Il soccorso, invece, mi venne da chi meno avrei potuto aspettarmelo.
Rimasto tutto quel giorno fuori di casa, verso sera, m’imbattei per combinazione in Pomino, che, fingendo di non accorgersi di me, voleva tirar via di lungo.
– Pomino!
Si volse, torbido in faccia, e si fermò con gli occhi bassi:
– Che vuoi?
– Pomino! – ripetei io più forte, scotendolo per una spalla e ridendo di quella sua mutria. – Dici sul serio?
Oh, ingratitudine umana! Me ne voleva, per giunta, me ne voleva, Pomino, del tradimento che, a suo credere, gli avevo fatto. Né mi riuscì di convincerlo che il tradimento invece lo aveva fatto lui a me, e che avrebbe dovuto non solo ringraziarmi, ma buttarsi anche a faccia per terra, a baciare dove io ponevo i piedi.
Ero ancora com’ebbro di quella gajezza mala che si era impadronita di me da quando m’ero guardato allo specchio.

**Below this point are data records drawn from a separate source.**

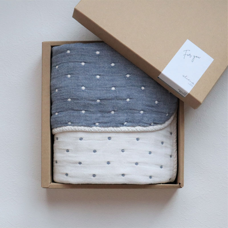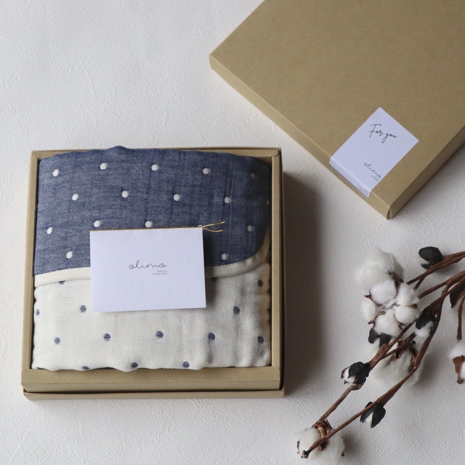 【泉州南部織】の6重ガーゼマルチケットはご自宅用にはもちろん、贈り物としてもおすすめです。 『名入れ』もできますので出産祝いやお祝いのギフトにいかがでしょうか。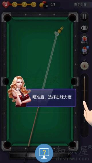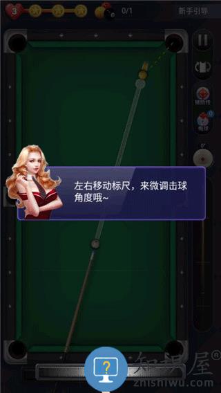 2、需要通过左右移动标尺来控制球杆微调击球的角度,点击就能够射出去击打台球了,把目标球计入栏中就可以得到分数;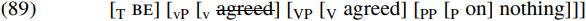 If PP is a phase, the domain of the PP phase (i.e. the nothing complement of the preposition on) will be impenetrable to the external T probe BE, so preventing BE from agreeing with, assigning nominative case to and triggering passivisation of nothing. An analysis along the lines of (89) would therefore wrongly predict that sentences like (88) are ungrammatical. Does the fact that sentences like (88) are grammatical therefore provide us with evidence that PPs are not phases?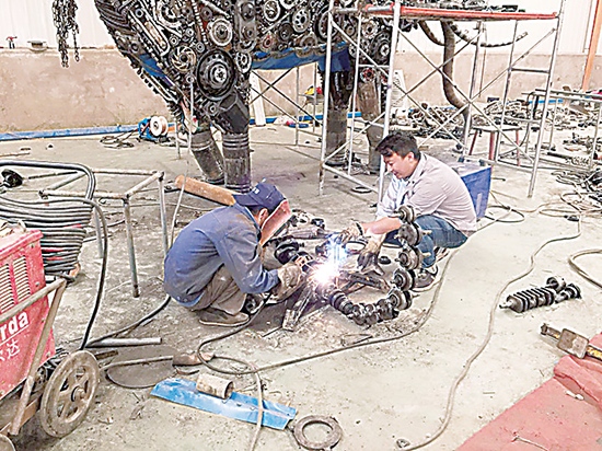 設計者田國鑫畢業(yè)于西北民族大學藝術設計系,現(xiàn)擔任該公司鐵藝車間經(jīng)理。作為一名90后的男生,他從小就是看著《變形金剛》長大的,他獨愛鐵藝設計,對那些大黃蜂、擎天柱等角色有著很深的感情,他有他獨特的設計風格和創(chuàng)作手法。在他眼睛里,我們身邊并沒有任何所謂的廢棄物,有的只是面對廢棄物所短缺的設計靈感。田國鑫告訴記者,經(jīng)過一段時間摸索,目前園區(qū)制作出的鐵藝產(chǎn)品種類豐富,形態(tài)各異,制作一個大型鐵藝術產(chǎn)品,兩個人只需要半月時間便可完成。

– Vedi questi sgraffii? – gli dissi, a un certo punto. – Lei me li ha fatti!
– Ro… cioè, tua moglie?
– Sua madre!
E gli narrai come e perché. Sorrise, ma parcamente. Forse pensò che a lui non li avrebbe fatti, quegli sgraffii, la vedova Pescatore: era in ben altra condizione dalla mia, e aveva altra indole e altro cuore, lui.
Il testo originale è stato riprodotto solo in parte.